__PROBLEM REQUIREMENTS__:
Once the line with "자가 점유율은 2014년" is found, repeat it and all later lines exactly through the end of the listing below, with the pictures left out.

__DATA BLOCK__:
╭──
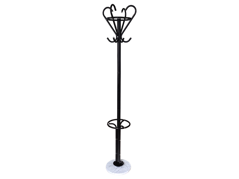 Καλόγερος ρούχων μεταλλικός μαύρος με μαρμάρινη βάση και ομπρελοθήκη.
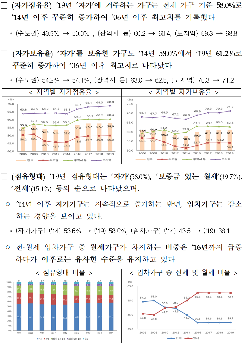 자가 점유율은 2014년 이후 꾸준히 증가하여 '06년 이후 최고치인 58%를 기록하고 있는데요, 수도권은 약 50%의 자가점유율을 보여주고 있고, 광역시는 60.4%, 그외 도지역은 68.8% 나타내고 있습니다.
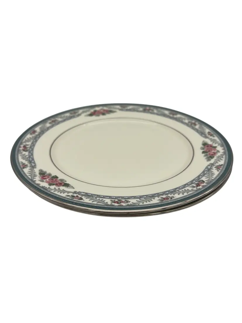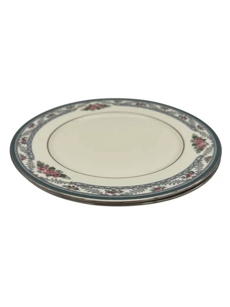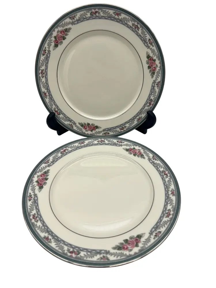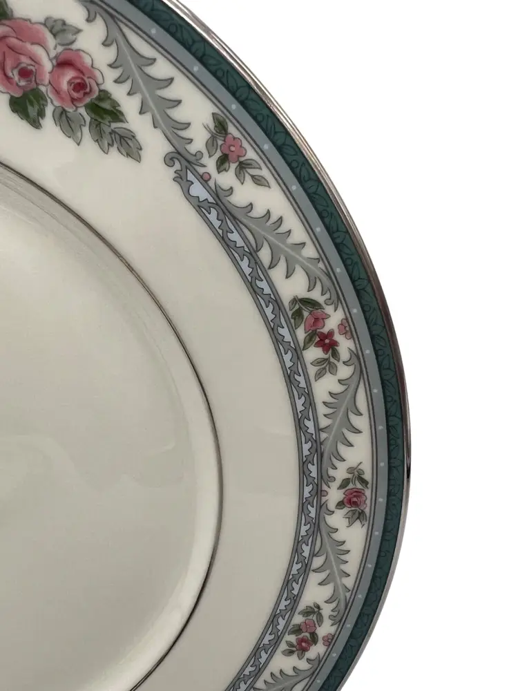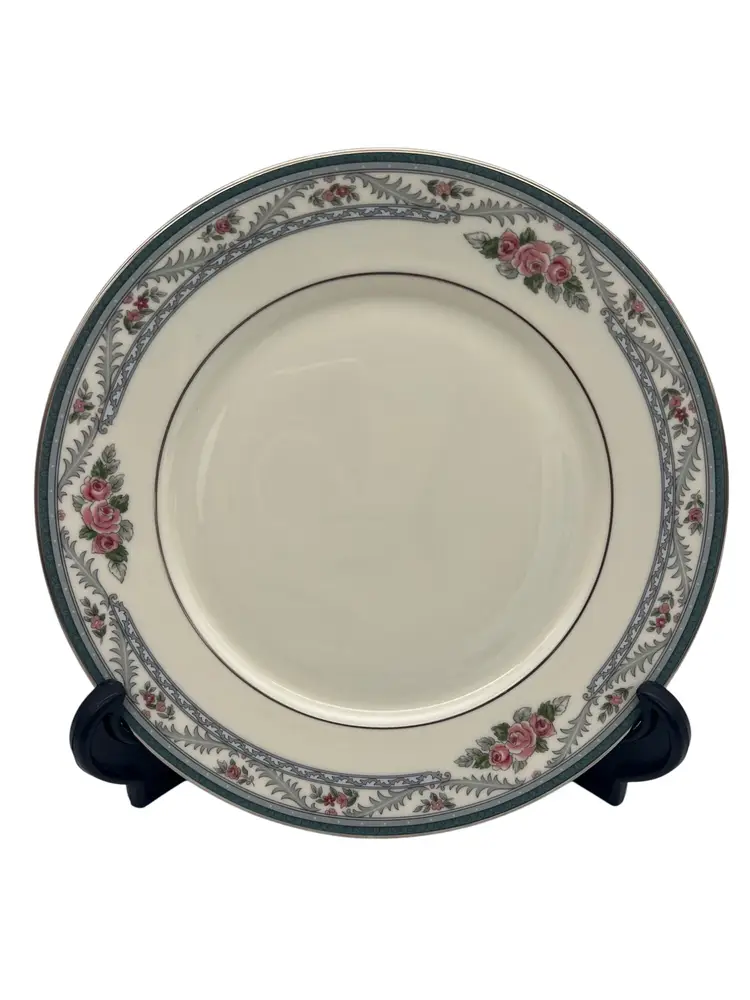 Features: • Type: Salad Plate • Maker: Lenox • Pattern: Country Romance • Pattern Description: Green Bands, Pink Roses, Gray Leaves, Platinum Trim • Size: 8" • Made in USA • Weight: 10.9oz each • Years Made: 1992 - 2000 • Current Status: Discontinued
╰──
__THE ANSWER__:
 자가 점유율은 2014년 이후 꾸준히 증가하여 '06년 이후 최고치인 58%를 기록하고 있는데요, 수도권은 약 50%의 자가점유율을 보여주고 있고, 광역시는 60.4%, 그외 도지역은 68.8% 나타내고 있습니다.
 Features: • Type: Salad Plate • Maker: Lenox • Pattern: Country Romance • Pattern Description: Green Bands, Pink Roses, Gray Leaves, Platinum Trim • Size: 8" • Made in USA • Weight: 10.9oz each • Years Made: 1992 - 2000 • Current Status: Discontinued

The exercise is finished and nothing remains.